Proto-writing traces back over 20,000 years. Logographic writing is at least 5,000 years old, but alphabetic writing took another 2,000 years to become widespread. Even then, many forms of punctuation and even things as basic as placing spaces between words are far more recent innovations. If reading text without spacing between words sounds difficult – the advice historically given was that reading the text aloud made this process easier, and up until only a few centuries ago the act of reading silently was generally seen as either a difficult talent or as an antisocial activity reserved for those who wish to hide the ideas they consume.
Business investment is always risky, but tech VC is notorious for its extreme tolerance of risk, far beyond that of most other types of investors. Very often this is simply accepted as the price paid for innovation, without any deeper thought. Often the exact same people who insist that extremely high risk is purely a matter of innovation will, in a different conversation, preach about how every field outside of computing had stagnated since the 70s, an era when Silicon Valley VC spray-and-pray strategies would have been seen as insane.
Founding a business is fundamentally an assertion of contrarian truth about the world, that there is some opportunity that you can take advantage of that everyone else has missed. There is always a serious chance that you’re wrong about this, or at the very least wrong about how to reach this opportunity. There is always risk. However, this axiom of risk asserts that risk must exist, but it tells us absolutely nothing about how much risk – is there a 10% chance of failure? 50%? 90%? 99%? Fundamentally, the risk involved is the inverse of how much certainty there is.
If you decide to open a new Starbucks, there is a tremendous amount of data about the last 10,000 Starbucks locations, and so deciding the right location to maximize profit is a science more than it is an art. People have been digging up rocks from the Earth for a very long time, the risks of opening a mine can be greatly mitigated by some surveying. If you decide to start a software business, there’s far less risk if you’re building some dime-a-dozen SaaS product for which a standard playbook has been built. The risks are far greater if you’re venturing off into something far more experimental.
There is risk of opening a new Starbucks location and there is risk in starting a wild new startup. This is not a fundamental difference in kind, only in magnitude.
Certainly, some of the risk of tech investment is probably downstream from the fact that software businesses often produce very high returns; it’s far more common to 100x an investment in a software company than it is in a company with physical products or other conventional constraints. Investors may be engaging in a form of risk homeostasis.
Tech bubbles pretty universally fail to live up to their hype and expectations. Each new technology will absolutely reshape the world in unimaginable ways, if you buy into the hype.

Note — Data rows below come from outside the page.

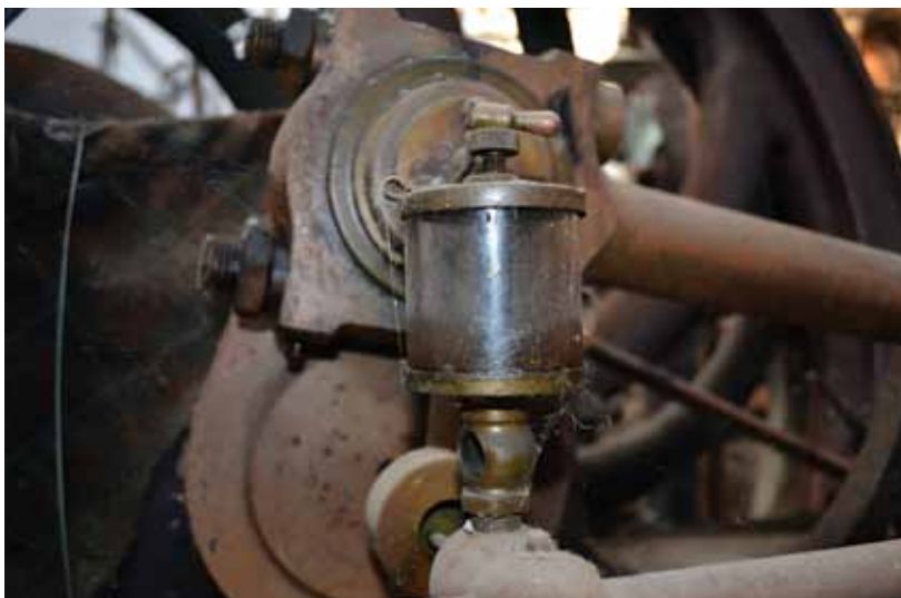
Oilers were used to lubricate bearings in machinery.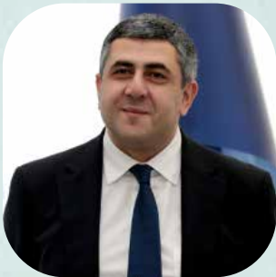
Mr. Zurab Pololikashvili Secretary-General, UNWTO

I look forward to welcoming you to the Maldives to attend the Global Summit on Community-based Tourism, one of the key events of the Maldives Golden Year of Tourism.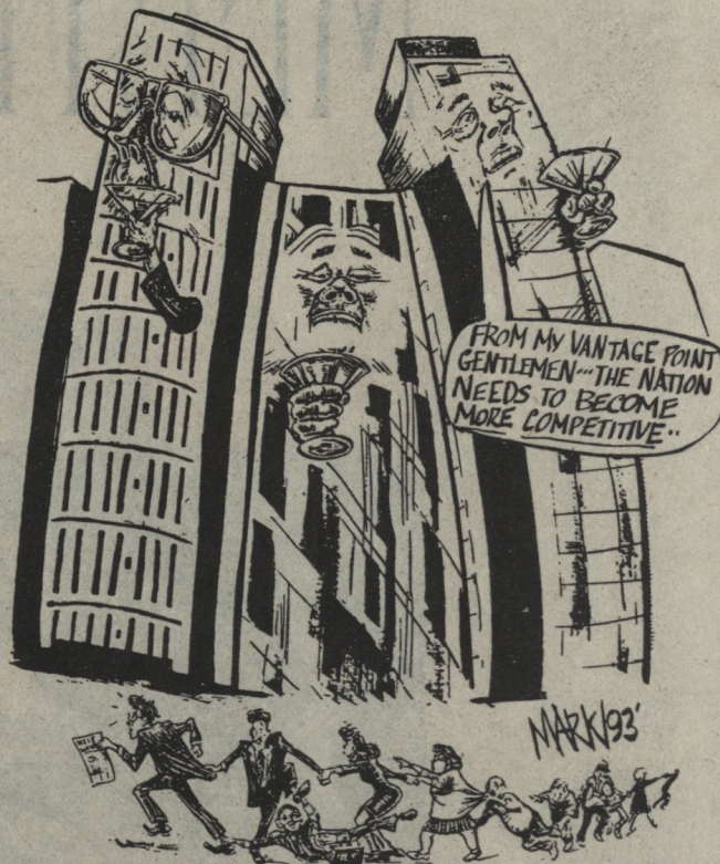
The Ulysses

THE PERSONALS HAVING LIVED ALONE FOR 10, THESE PAST SIX YEARS, I HAVE DEVELOPED A FEW IDIOSYNCRASIES. BEING OUT OF ANY KIND OF RELATIONSHIP FOR THAT LONG HASN'T HELPED. LACK OF FEEDBACK LEADS YOU TO THINK ANYTHING GOES.

I recall watching the Internet of Things bubble in 2017, when the near future was apparently full of smart toasters and smart juice presses that would collect so much data that we’d invent a dozen new SI prefixes to describe how many bytes we’d need to store it all. Buzzwords like “Brontobytes” and “Geopbytes” were thrown around, describing the scale of datacenters supposedly a couple years away. It turns out that very few of these smart devices provided any meaningful value and the data they collected was mostly worthless while creating a myriad new security concerns. This somehow dovetailed into the 2017/2018 crypto bubble, and soon everyone was raving about how your toaster would be uploading the data it gathered from you onto a public blockchain.
There is a certain mythology to how technology is understood which shapes how people imagine the future and where they invest their time and money into building it. This mythology may be widely believed but can easily turn out to be wrong. I remember when the 2017/2018 crypto bubble was flooded with millions of people who asserted with absolute certainty that Bitcoin was a slow and primitive prototype, and by some immutable laws of technology that it would soon be slain by a new and more innovative cryptocurrency. This never happened, and the contrarian Bitcoin maximalist narrative that Bitcoin would become a store-of-value reserve currency, trusted by nation states, where transaction speed didn’t matter much seems to be far more plausible today.

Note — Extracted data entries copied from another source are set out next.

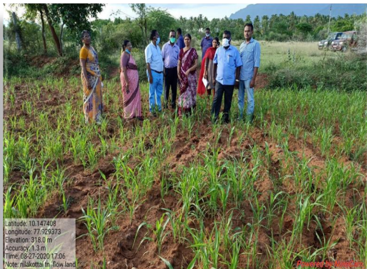
Millet cultivation in Fallow land

❖ An additional production of 1,789 MT of Millets, 1,982 MT of Oilseeds and 3,422 MT in pulses has been achieved.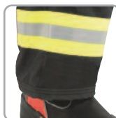
ARASHIELD PANT CUFFS & KNEES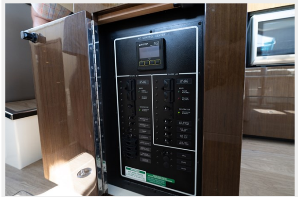
AC Control Center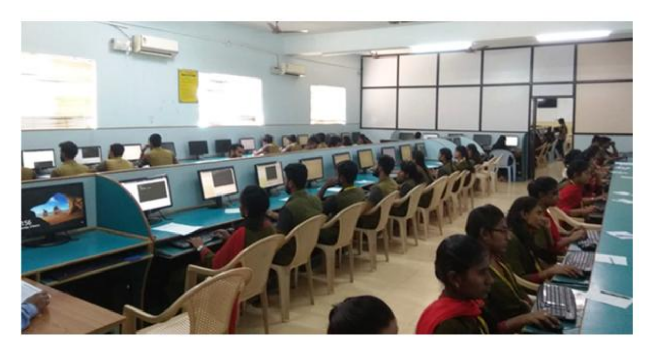
Lab1: Computer Networks Lab

On the other hand, I also recall a great deal of fuss about cryptocurrencies like EOS and Solana, which abandoned the core ideology of decentralization that motivated other crypto projects in favor of maximizing performance. Scaling blockchains while maintaining all the properties people wanted never succeeded. The wild optimism about using arcane mathematics and protocols to reshape the world that I saw in 2017 seems long dead, and the Nasdanq meme gambling thesis seems to have won out against all odds. Solana is now extremely popular as a host of meme coins, presumably because decentralization is of zero importance if you’re simply running a casino.
Facebook has repeatedly chosen to make gigantic bets on these tech bubbles. After its ambitions to create a cryptocurrency faced political challenges, it renamed its company to Meta, hired game development legend John Carmack, and dumped $40 billion into building “the Metaverse”. Carmack eventually quit and the company faced enormous difficulties getting its own employees to even enjoy using the technology they were building. Apple also chased this trend, building their own AR/VR headset. My perspective was that while it may perhaps be a success eventually there is currently no real killer app for AR/VR, and that escapism into gaming is a dystopian vision that normies won’t adopt as easily as tech people expect. I debated many friends at the time, who insisted that Apple was a magical company whose products could never fail, that the billions being spent were a guarantee of success, and that we’d all be wearing their VR headsets in a matter of months. I recall a friend who would respond to every criticism with “Siri, show me that girl naked”, and how all progress in the internet was driven by porn. These friends have since all long forgotten that they ever made such claims and have since started AI companies.
As for the present AI bubble, I consider it a mixed bag, and a long discussion for another time.
Venturing into the Fog
Computing is a very strange, new, and unprecedented field. We are venturing into the fog, and the tools we’ve built for understanding the world over thousands of years are not very enlightening. The family of visions of the future of computing that you will find in San Francisco and its derivative tech hubs, that guide us in building the future, that tell us where the fruit worth picking can be found, are perhaps only 5% correct. This implies enormous potential in building alternative tech hubs with wildly different visions of the future of computing, provided some contrarian truths can be found and deeply mined. Perhaps they will prove equally blind and misguided, but getting even a different 5% correct could be profoundly valuable.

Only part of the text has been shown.